Public webhook delivery routes are not shipped yet, but the SDK includes local verification helpers for signed RunInfra webhook deliveries once you receive them in your own server. Always verify the exact raw body before parsing JSON. The `RunInfra-Signature` timestamp must be a non-negative integer Unix second.

```python
import os

from runinfra import (
    WebhookVerificationError,
    construct_webhook_event,
    verify_webhook_signature,
)

webhook_secret = os.environ.get("RUNINFRA_WEBHOOK_SECRET")
if not webhook_secret or not webhook_secret.strip():
    raise RuntimeError("Set RUNINFRA_WEBHOOK_SECRET before verifying webhook events.")

event = construct_webhook_event(
    payload=raw_body,
    signature_header=signature_header,
    secret=webhook_secret,
)
```

`construct_webhook_event` verifies the signature, checks timestamp tolerance, and parses JSON. Use `verify_webhook_signature` when your framework parses JSON separately and you only need to validate the raw delivery.

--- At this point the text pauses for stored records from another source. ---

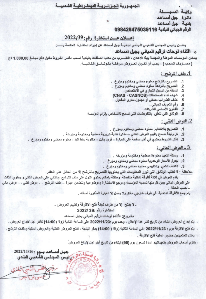 إجراء استشارة الخاصة بــ : اقتناء لوحات ترقيم المباني بجبل امساعد22 نوفمبر، 20220 43 شاركها فيسبوك X مشاركة عبر البريد طباعة
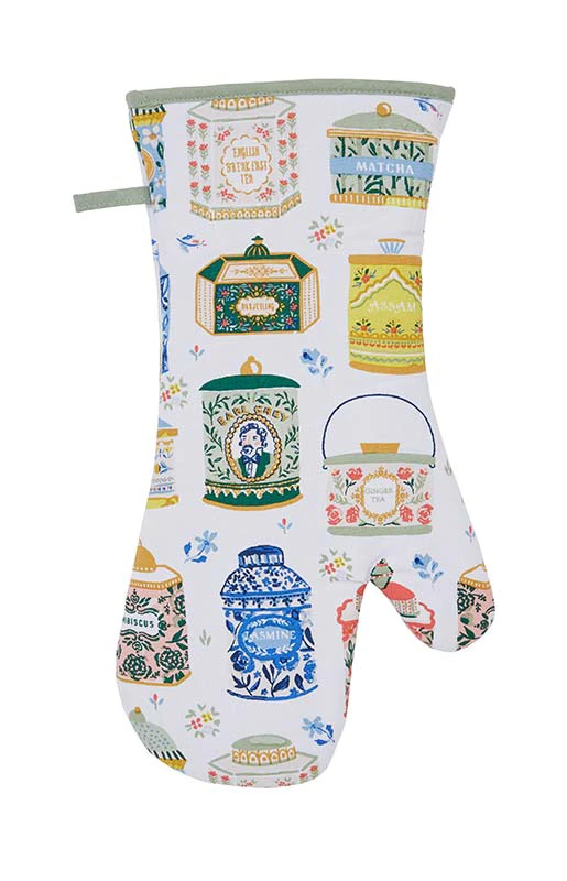 Moderne Hausarbeit trifft auf Teeliebhaber: Dieser wunderschöne Ofenhandschuh mit seinem eklektischen, handgemalten Design wird Sie dazu anregen, sich das reiche Aroma der Teeblätter vorzustellen, das Ihre Sinne erfüllt. Zeitgenössische Souvenirs voller nostalgischer Erinnerungen sind die bedeutungsvollen Objekte, mit denen Ulster Weavers seine Kunden umgeben möchte.
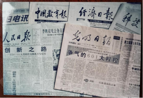 EIM-601大容量局用数字程控交换机(简称EIM-601)开发则是20世纪末电信系执行原电子工业部下达任务投身的一次重大科研战役。黄载禄教授担任科研组组长,全系七十余名师生与原电子部第五十四研究所合作承担研制开发工作。在两年日以继夜的科研攻关中,师生们大胆创新、忘我工作,经常顾不上吃饭,通宵达旦,克服了常人难以想象的诸多困难,终于完成了繁重的软硬件工作任务,于1995年4月8日顺利通过了国家鉴定和验收。该成果是电信系师生们心血汗水与坚强意志的结晶,是我国通信行业发展中攻坚克难的真实缩影和生动写照,它打破了外国人长久以来对电信网统一维护核心技术的垄断,是我国自主数字通信产业的起点,获原电子部1995年科技进步特等奖。《人民日报》《光明日报》在同年6月20日分别以《创新之路》《争气的601大程控》为题,作头版头条报道,誉之为“民族工业的骄傲”。这一成果在学校和电信学科的发展历史上写上了浓墨重彩的一笔,激励一代代华中大电信人在创建世界一流大学和一流学科的道路上奋勇争先、砥砺前行。
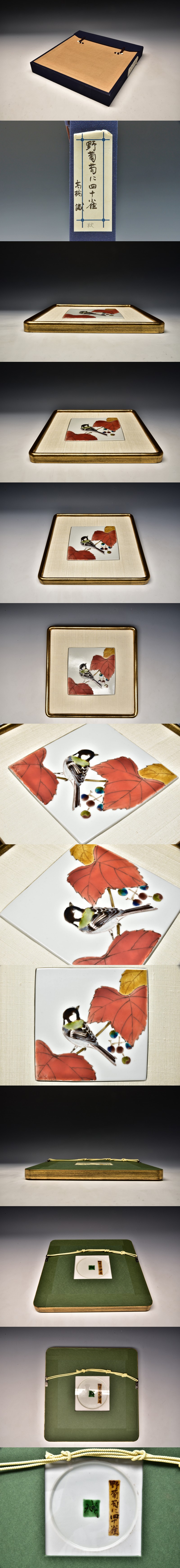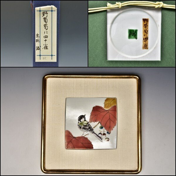 U08861 東京芸大 高橋誠 色絵磁器 陶額 野葡萄に四十雀 共箱 /G305
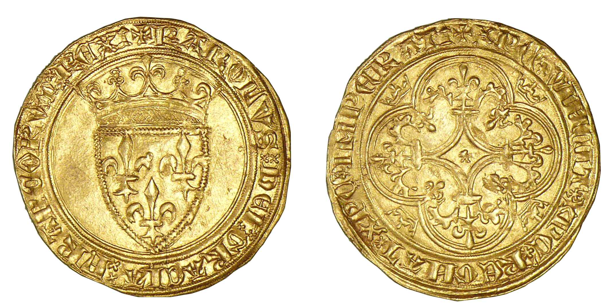 Revers : R/ + XPC* VINCIT* XPC* REGANT* XPC* IMPERAT. Croix fleurdelisée et feuillue, avec * dans un losange curviligne en cœur. Le tout dans un quadrilobe cantonné de quatre couronnelles.
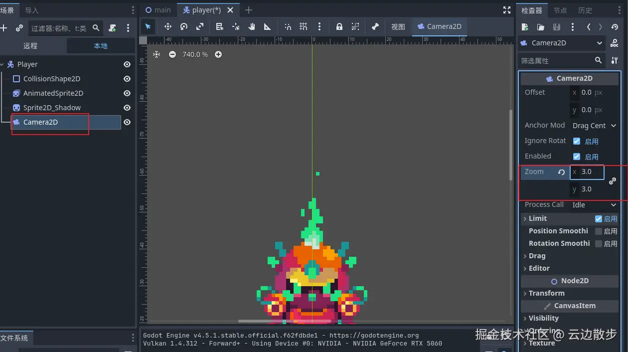 Camera2D,使画面始终以玩家为中心进行显示。最后,通过调整摄像机的缩放参数,优化了游戏画面的显示效果,使整体视角更加清晰、符合实际游玩需求。
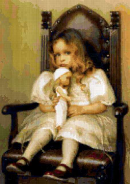 Ориентировочно так, схема вышивки «742», созданная автором Valkiriya, будет выглядеть при отшиве на канве. Размер данной вышивки равен 135x190 крестов, при этом используется 67 цветов. Ключевые слова, по которым можно найти эту схему: девочка, дети, кукла, картина. Также, вы можете взглянуть на оригинальную картинку, соответствующую данной схеме вышивки.

Invalid signatures, stale timestamps, and invalid webhook JSON raise `WebhookVerificationError`.

## OpenAI-compatible clients

OpenAI-compatible clients can use the same verified base URL:

```python
import os
from openai import OpenAI

api_key = os.environ.get("RUNINFRA_API_KEY")
if not api_key:
    raise RuntimeError("Set RUNINFRA_API_KEY before running this snippet.")

client = OpenAI(
    api_key=api_key,
    base_url="https://api.runinfra.ai/v1/pipe_123",
)
```

## Production promotion

Local package tests prove SDK shape, retry behavior, streaming parsing, typed
errors, package contents, version sync, and trusted-publishing workflow policy.
They do not prove that a newly optimized deployment is ready for customers.
This extracted public repo does not define the old monorepo live-canary
commands.

For production promotion from this repo, run these local checks from the
repository root before opening a release PR:

```bash
node scripts/verify-workflow-policy.mjs
node scripts/verify-version-sync.mjs
pnpm --dir typescript install --lockfile=false
pnpm --dir typescript exec tsc -p tsconfig.json --noEmit
pnpm --dir typescript test
pnpm --dir typescript build
pnpm --dir typescript pack
node scripts/verify-npm-package.mjs typescript/runinfra-sdk-*.tgz
python -m pip install -e python pytest build twine
python -m pytest python/tests -v
python -m build python
python scripts/verify-python-package.py python/dist
python -m twine check python/dist/*
```

Then trigger a GitHub dry-run publish from `main`:

```bash
gh workflow run publish.yml --repo RightNow-AI/runinfra-sdk --ref main -f package=both -f dry_run=true
```

Actual publishing must use the same workflow with `dry_run=false` after CI,
review, and environment approval. Do not use npm or PyPI tokens. OIDC trusted
publishing is the only supported publish path.

Run live deployment canaries from RunPipe or RunInfra-Engine against the exact
production gateway, workspace, pipeline keys, and RunPod inventory that will
serve customers. The SDK repo only proves client artifact integrity. GA still
requires live coverage for LLM, embeddings, image, TTS, ASR, and voice pipeline
surfaces, plus explicit evidence that the smoke keys and temporary canary
resources were removed.

Co-located voice pipelines are available through the native `client.voice.pipeline.create()` helper on pipeline-scoped keys. The helper posts binary audio to the pipeline-scoped `/pipeline` route and returns the JSON transcript / response envelope. Public webhook create/list calls are intentionally unavailable until their gateway routes are verified, and the SDK raises `UnsupportedOperationError` locally for those webhook capabilities without making a request.